# INPUT FOR THIS TASK:
________________________
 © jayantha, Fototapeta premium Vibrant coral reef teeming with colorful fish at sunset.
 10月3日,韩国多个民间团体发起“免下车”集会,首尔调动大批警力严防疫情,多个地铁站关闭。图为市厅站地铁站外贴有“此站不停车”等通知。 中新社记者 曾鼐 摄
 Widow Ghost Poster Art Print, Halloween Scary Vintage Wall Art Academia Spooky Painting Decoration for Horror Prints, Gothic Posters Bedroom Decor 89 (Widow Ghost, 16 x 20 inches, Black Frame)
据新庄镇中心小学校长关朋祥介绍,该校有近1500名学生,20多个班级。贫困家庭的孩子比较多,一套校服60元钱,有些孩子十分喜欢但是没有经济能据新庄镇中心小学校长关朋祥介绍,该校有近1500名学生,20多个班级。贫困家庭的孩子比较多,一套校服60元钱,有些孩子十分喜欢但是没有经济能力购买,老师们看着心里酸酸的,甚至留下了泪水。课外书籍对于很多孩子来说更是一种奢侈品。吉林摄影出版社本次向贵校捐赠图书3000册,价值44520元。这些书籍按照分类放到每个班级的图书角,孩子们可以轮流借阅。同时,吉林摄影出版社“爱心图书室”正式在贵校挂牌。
________________________
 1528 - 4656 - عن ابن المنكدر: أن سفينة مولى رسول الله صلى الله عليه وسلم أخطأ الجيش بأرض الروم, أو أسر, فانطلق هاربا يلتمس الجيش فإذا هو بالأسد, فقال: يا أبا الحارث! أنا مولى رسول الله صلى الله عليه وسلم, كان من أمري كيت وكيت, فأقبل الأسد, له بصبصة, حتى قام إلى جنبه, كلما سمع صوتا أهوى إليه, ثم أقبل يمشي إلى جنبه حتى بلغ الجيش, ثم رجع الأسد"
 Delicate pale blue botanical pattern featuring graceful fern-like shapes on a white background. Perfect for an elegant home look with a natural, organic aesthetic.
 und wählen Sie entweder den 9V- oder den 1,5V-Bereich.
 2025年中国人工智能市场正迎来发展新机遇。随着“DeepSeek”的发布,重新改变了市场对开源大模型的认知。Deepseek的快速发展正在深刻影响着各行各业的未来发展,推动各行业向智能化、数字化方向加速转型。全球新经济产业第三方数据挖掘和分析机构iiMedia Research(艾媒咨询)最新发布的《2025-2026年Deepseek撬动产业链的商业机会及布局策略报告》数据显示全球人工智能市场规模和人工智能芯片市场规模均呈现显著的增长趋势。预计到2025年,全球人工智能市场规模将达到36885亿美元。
________________________
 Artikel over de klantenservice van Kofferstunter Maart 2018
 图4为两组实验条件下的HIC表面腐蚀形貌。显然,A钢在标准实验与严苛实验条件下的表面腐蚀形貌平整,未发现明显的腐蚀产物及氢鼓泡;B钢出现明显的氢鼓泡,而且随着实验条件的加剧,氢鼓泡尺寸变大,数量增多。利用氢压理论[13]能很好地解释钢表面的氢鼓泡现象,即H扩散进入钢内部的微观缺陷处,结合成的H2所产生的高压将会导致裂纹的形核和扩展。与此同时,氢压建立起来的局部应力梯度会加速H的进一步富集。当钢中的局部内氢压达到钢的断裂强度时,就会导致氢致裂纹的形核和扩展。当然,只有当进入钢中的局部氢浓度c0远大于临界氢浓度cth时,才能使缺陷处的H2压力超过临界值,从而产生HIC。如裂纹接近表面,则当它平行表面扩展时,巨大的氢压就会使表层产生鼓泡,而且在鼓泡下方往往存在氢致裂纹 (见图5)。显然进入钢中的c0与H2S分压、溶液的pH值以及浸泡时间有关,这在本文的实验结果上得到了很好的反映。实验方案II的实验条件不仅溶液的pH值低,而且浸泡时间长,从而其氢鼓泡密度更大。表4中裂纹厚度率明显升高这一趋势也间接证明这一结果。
________________________
# PROBLEM REQUIREMENTS:
Nothing should appear in the answer except the lines above from the line with "fish at sunset." through the line with "Widow Ghost Poster", both included, written out exactly.

# EXERCISE OUTPUT:
 © jayantha, Fototapeta premium Vibrant coral reef teeming with colorful fish at sunset.
 10月3日,韩国多个民间团体发起“免下车”集会,首尔调动大批警力严防疫情,多个地铁站关闭。图为市厅站地铁站外贴有“此站不停车”等通知。 中新社记者 曾鼐 摄
 Widow Ghost Poster Art Print, Halloween Scary Vintage Wall Art Academia Spooky Painting Decoration for Horror Prints, Gothic Posters Bedroom Decor 89 (Widow Ghost, 16 x 20 inches, Black Frame)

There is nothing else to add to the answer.